The traps do work on those slow (and hot) summer days in the rivers, even after we haven't had rain in 10+ days. I haven't figured out why, but they do. I think maybe they call the fish from a distance?

The Rapala rainbow trout color does have light red (pink) and blue in them. Now I've got to get an aglia with the pink and blue blade!

I like your theory on the aglias and your bro. It makes sense to me.


----------



## norseangler (Jan 8, 2009)

Buzzbait or Baby Chug Bug in creeks and rivers. In lakes (Buckeye, Dillon, Rush Creek, Knox, Delaware, Hoover) a 4-inch green pumpkin Yum Dinger, Texas rigged with a 1/16 oz. weight. I'll use them from spring well into summer, then I might go to a heavier weight if I find bass 8 or 10 feet deep, but I'll be working the shallows again in September and October.


----------



## quackpot (May 17, 2009)

what do you guy think about vibe's. i like to use them in the spring and fall, even during ice season. my favorite color they quit making orange nose and pearl body. now i use the pink nose one. have caught all kinds of fish on it.


----------



## toboso (Apr 14, 2004)

Almost "readily available", albeit not at every mega store. Find a local tackle shop (you know the place where the owner knows fishing tackle and probably knows you by name).

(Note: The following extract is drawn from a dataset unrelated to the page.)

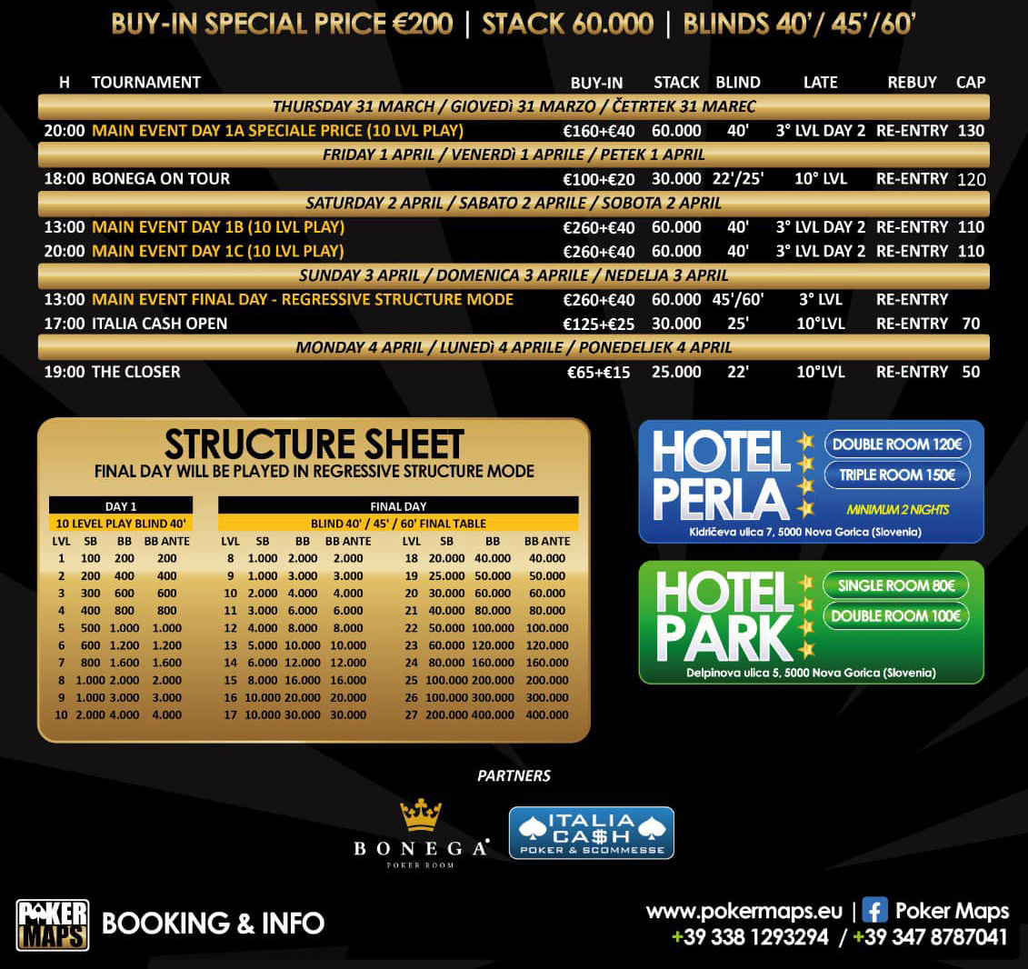 Turnirski program bosta dopolnila dogodek Bonega On Tour s pristopnino 120 € in stackom v višini 30.000 žetonov, ki se bo igral v petek, 1. 4., ob 18. uri, in Italia Cash Open s pristopnino v višini 150 €, na sporedu v nedeljo, 3. 4., ob 17. uri.

The ThinFin catches everything that swims, almost all season long. I catch crappie, 'eyes (all three), bass, & muskies on this bait. It makes a great trolling lure on a flat line or with a jet/dipsey/weight. It's also a good bait to cast on light tackle but it's Achilles Heel is that being so light sometimes limits castablilty (distance/wind).


----------